No pretendo impresionarla. Tampoco hablar de Ulla. Sólo quiero saber hasta donde pueden llegar los pasos de Marina. Mi relación con ella es esporádica. Fue, en distintos momentos, alumna en la facultad, casi vecina cuando vivía en el otro barrrio y compañera de trabajo. Sus movimientos siempre fueron afables y cautelosos.
- ¿Esta es Catamarca o me parece a mi?
- Te parece y es Catamarca. La birra no es como el trigo, Marina.
- La paja tampoco – dice ella, sin insinuar nada.
Puedo doblar hacia Oroño o acompañarla hasta su edificio, que está a mitad de cuadra. Luego de cruzar la calle, nos quedamos parados en la ochava.

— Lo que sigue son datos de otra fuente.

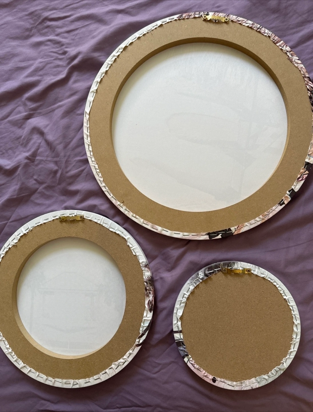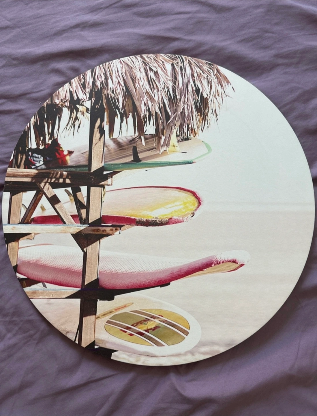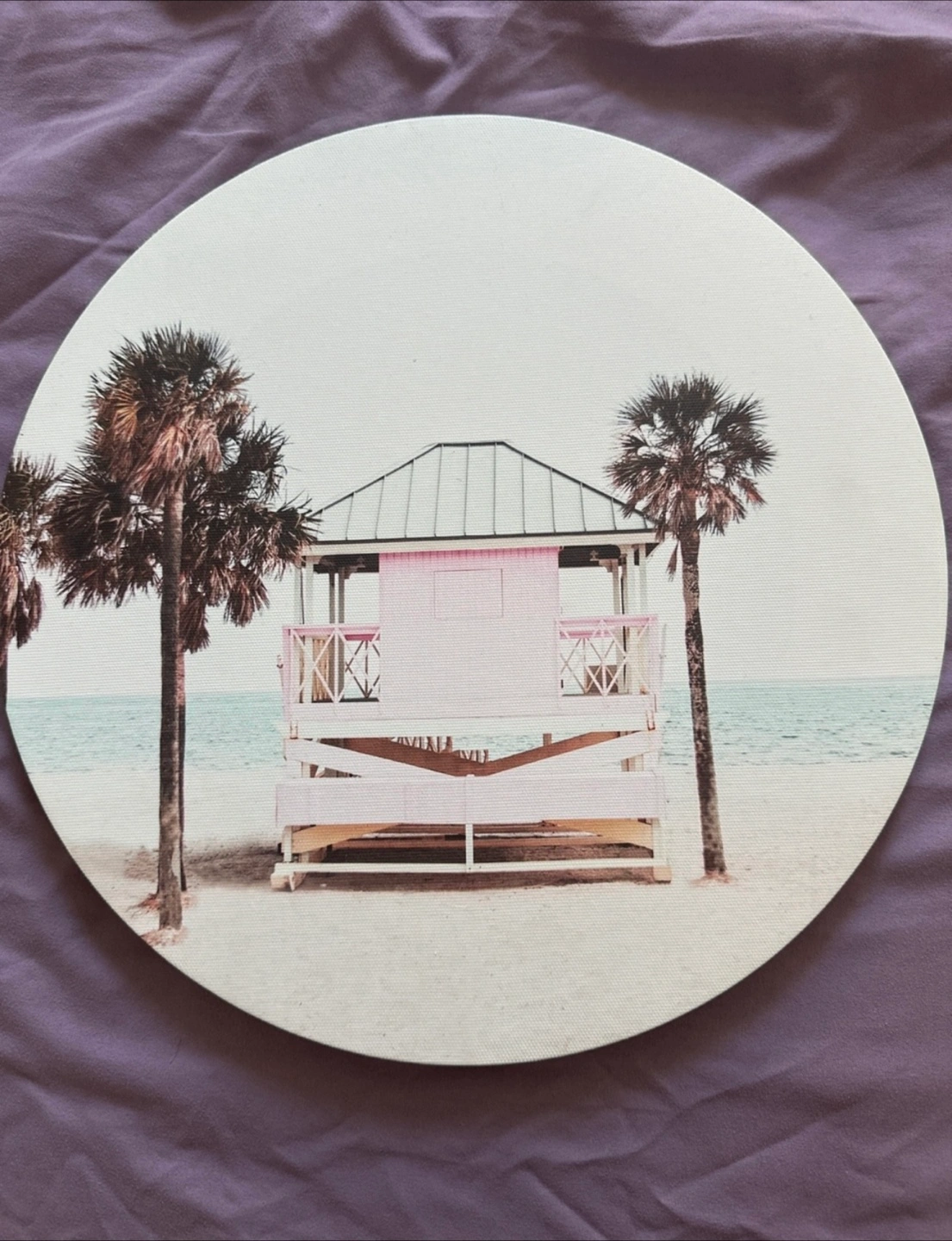 Selling a set of three round canvas wall art pieces. They feature lovely beach scenes with palm trees, surfboards, and a cute pink lifeguard station. Perfect for adding a touch of summer to any room

Como si fuera un puesto de peaje.
- ¿Querés subir a tomar un café? – me pregunta, sin mirarme del todo.
- No, porque me hace mal.
- Como quieras, dice – más seria -¿De verdad te hace mal?
- No, tonta. Es un juego que solíamos hacer de chicos. “¿Negro, querés café? No porque me hace mal. ¿Y entonces que querés?”. En realidad me lo decía mi vecinita de al lado y yo le respondía.
Ella me mira como si estuviera masticando mis palabras.
- Te acompaño, de todos modos.
Caminamos la media cuadra sin hablar. Al llegar a la puerta de entrada, Marina abre su bolso colgante y saca un llavero. Ofuscada no es la palabra. Más bien su rostro parece presa de una ligera turbación.
- Bueno, Dani, me alegro de verte bien – dice y acerca su mejilla para que le dé un beso. Yo, en cambio, opto por tomarla del mentón.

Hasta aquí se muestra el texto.